Ganz schmucklos geht es bei der Grillmeisterin zu, die Hitze der Kohlen sorgt für Schweiß, gerötete Wangen und Achseln, mit einer Zange wird man herbeigewunken. Doch werden nicht so sehr Würstchen und Koteletts gewendet, sondern vielmehr die Zeit rasiert, die Zeit der hungrigen Männer.

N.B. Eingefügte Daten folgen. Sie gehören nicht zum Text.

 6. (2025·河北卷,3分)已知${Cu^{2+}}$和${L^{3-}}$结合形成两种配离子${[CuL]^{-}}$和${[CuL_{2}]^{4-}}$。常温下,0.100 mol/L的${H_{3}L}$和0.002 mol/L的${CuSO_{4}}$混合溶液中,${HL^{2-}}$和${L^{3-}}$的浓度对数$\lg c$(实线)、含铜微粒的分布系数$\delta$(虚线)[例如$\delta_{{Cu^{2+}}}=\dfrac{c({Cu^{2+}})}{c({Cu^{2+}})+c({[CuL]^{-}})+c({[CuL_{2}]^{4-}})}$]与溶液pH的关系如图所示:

Aber paß auf – eine Grillmeisterin
ist viel allein. Sie zeigt
dir Tricks – wie leicht
Geflügelknochen brechen.
Und dann erzählt sie – Zange,
Messer, messerscharf,
erzählt dir die Geschichte
vom gebratenen Mann.

Eine unspektakuläre, alltägliche Situation wie das Grillen wird in seine Bestandteile, in sein Personal, seine Materialien und Besonderheiten zerlegt, kurz darauf wieder zusammengesetzt, ergänzt durch ein neues Element, welches sich nahtlos einfügt in die beschriebene Situation und den Zeilen die Bedeutung verleiht. Ohne viel Worte stellen sich die Figuren auf, die Grillmeisterin und der von ihr herbeigerufene Dichter, erlangen Lebendigkeit durch die Kleinigkeiten um den Grill und die Spannung, die zwischen beiden herrscht. Auf der Hut muss man sein vor der einsamen Frau, die mit Tricks zu verführen weiß, deren Worte am Ende schärfer als ihr Messer sind.

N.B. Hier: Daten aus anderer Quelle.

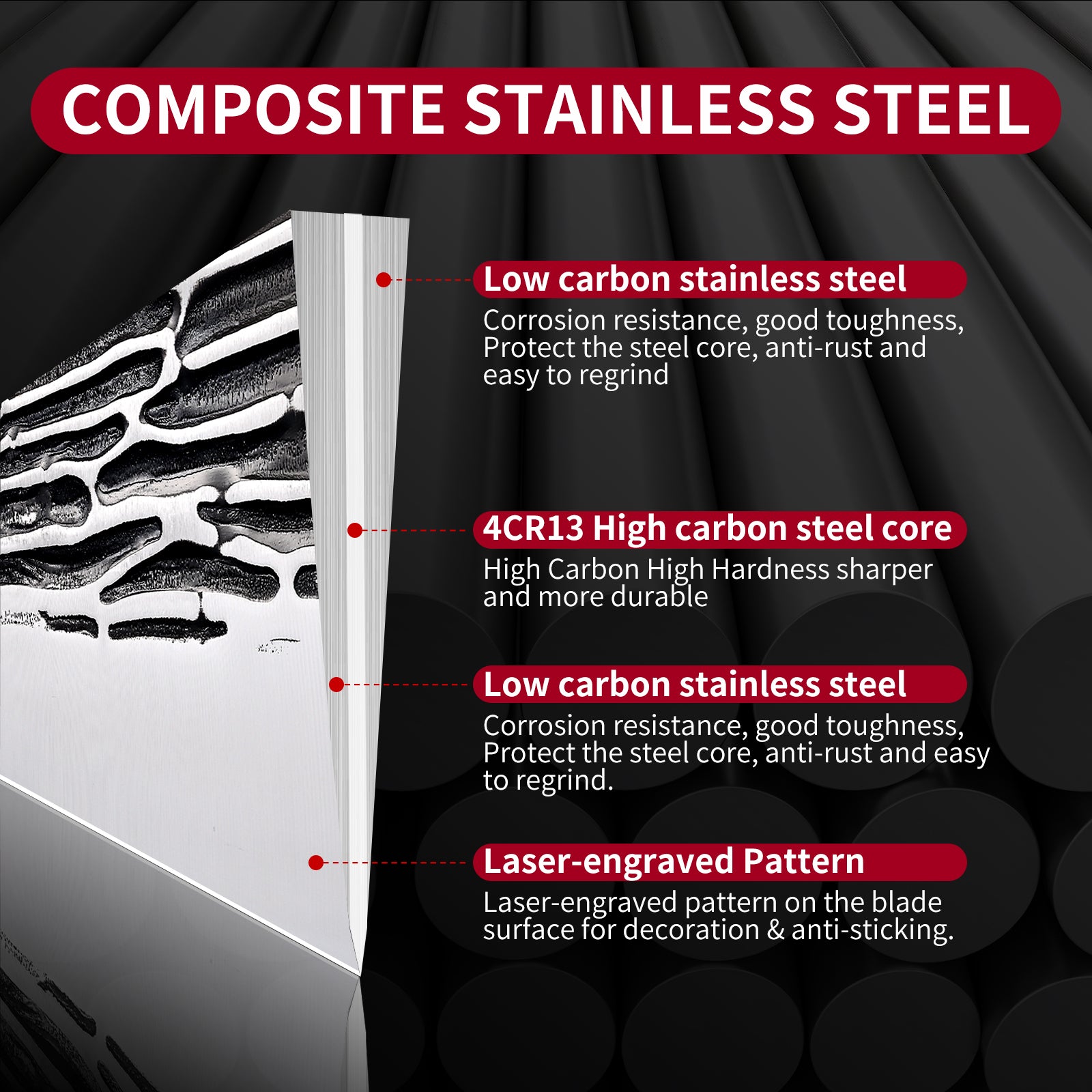 - 【Precise Craftsmanship】These forged chef knives are hand forged by craftsmen with more than 30 years of experience. Our durable knife boasts incredibly sharp blades. The chopping knife can be keeped the blade sharp for a long time, helping you cut food effortlessly. The oxidation blackening and hammering process add an anti-stick effect, enhancing the knife's technical and aesthetic appeal.

Beyer ist bekannt für seine Verweise auf den zweiten Weltkrieg und Nazideutschland, immer wieder tauchen sie in seinen Werken auf, so auch in Graphit. Die dritte Gruppe Gedichte weist zahlreiche Ortsnamen, Jahreszahlen und Personen auf, die sich auf Vergangenes beziehen, oft mit Bezug zum heutigen Wohnort des Dichters. Dresden, aber auch Pilsen und Prag werden genannt, Nervenkriege, Nazis und Militärs. Mitunter finden historische Daten ihren Eingang in die Vierzeiler, der achte Mai als Tag der Eroberung Dresdens durch die rote Armee, der Anschlag auf Heydrich, den Organisator des Holocausts, in Prag 1942, seine verwundete Milz.

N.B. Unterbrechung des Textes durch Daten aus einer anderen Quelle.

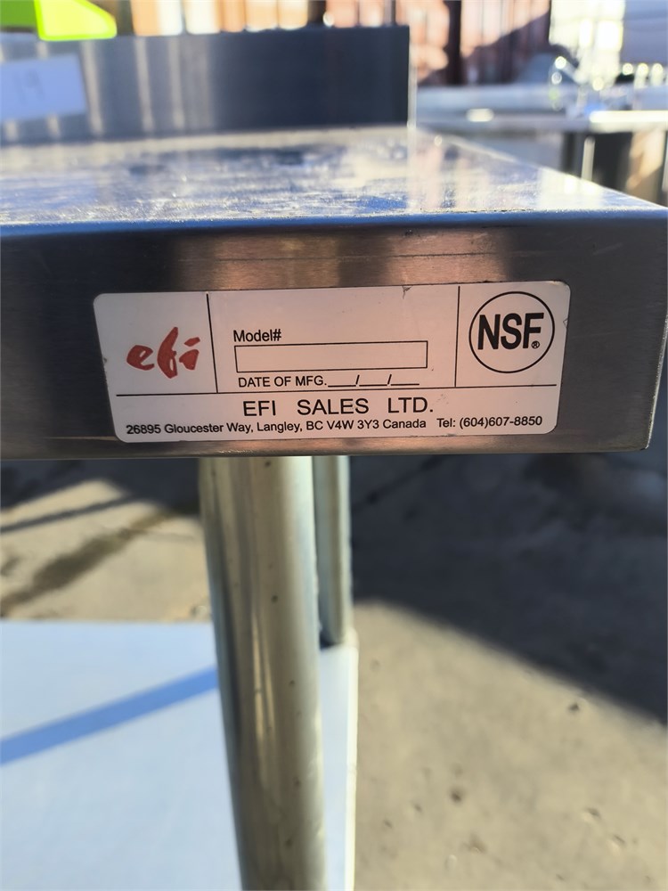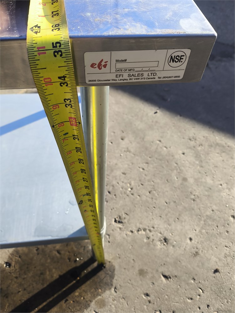 EFI Stainless Steel Table, with Backer and Shelf 30"W x 30"L x 35"T

Der Sprache als unerschöpflichem Schatz ist die fünfte Sammlung gewidmet. Es gibt tödliche Gedichte, Räusperware, Mischmund und auch des Menschen bester Freund ist anwesend.

Der Hund, mit dem ich spielte, war
ein Sprachhund, der sich im
Wörterbuch verlaufen hatte
Anfang Januar, Der Hund, mit dem
ich sprach, sah mir beim Reden zu,
sein blaues Samojedenauge starr
auf meinen Mund gerichtet...

Leicht kann man sich verlieren in Marcel Beyers Buch, zwischen den Zeilen, innerhalb einzelner Wörter und über die Seiten, die sehr unterschiedliche Töne anschlagen können und doch zusammengehören. Verzauberte Poesie, mal düster, mal munter, immer eine Bereicherung, wenn auch schwer zu fassen.